Democratic Sentinel, Volume 22, Number 11, Rensselaer, Jasper County, 19 March 1898 — HUMOR AND ITS USES. [ARTICLE]
HUMOR AND ITS USES.
It Is the Sunshine of the World, but May Be Overworked. “Humor is the very sunshine of the world,” writes Carrie E. Garrett in the Woman’s Home Companion. “Hardly any other single gift will go so far to refresh and inspire one in every-day life and keep the heart still young. It steals merrily across that workaday world, animating the dreariest monotony and finding place In the most hopeless destiny. Such a gay traveling companion is humor for the pilgrimage of life! “The woman with a sense of humor has a safeguard against ennui, against folly and against despair.
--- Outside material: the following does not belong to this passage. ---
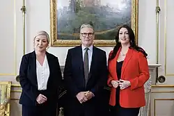 O'Neill automatically relinquished her office following Paul Givan's resignation as first minister on 3 February 2022.[8] Sinn Féin became the largest party after the 2022 Assembly election, putting O'Neill in line for the position of First Minister of Northern Ireland; however she did not take up the position until two years later because the Democratic Unionist Party (DUP) refused to nominate a deputy First Minister, citing its opposition to the Northern Ireland Protocol. On 3 February 2024, O'Neill was appointed First Minister of Northern Ireland. This marked the first time that an Irish nationalist had held the title of First Minister in Northern Ireland.[b]

She can never be dull so long as the comedy of life is being played before her eyes; with a keen sense of the ridiculous she is not likely to ‘make a fool of herself;’ and she will never be hopelessly unhappy, for she will find in the most adverse fate something still to laugh at, and after all laughter is your true alchemist. However it may bo with the unmusical person, surely the surly Individual who cannot laugh spontaneously on occasions is ‘fit for treasons, strategems and spoils.’ “But this blessed gift of humor should be used to lift the shadows of life, not to deepen them. A Joke which causes another a pang of humiliation or makes some sensitive heart ache is not only a cruel sort of amusement, but it Is also a very expensive indulgence. For just a moment’s gratification at having made a ‘hit’ the ’funny woman’ may forever lose a friend, and may even arouse a very genuine spirit of enmity. We learn to forgive, and mayhap forget, many injuries in life’s troubled Journey, but perhaps among the wounds that rankle longest in the human heart are those which are made ‘only in fun.’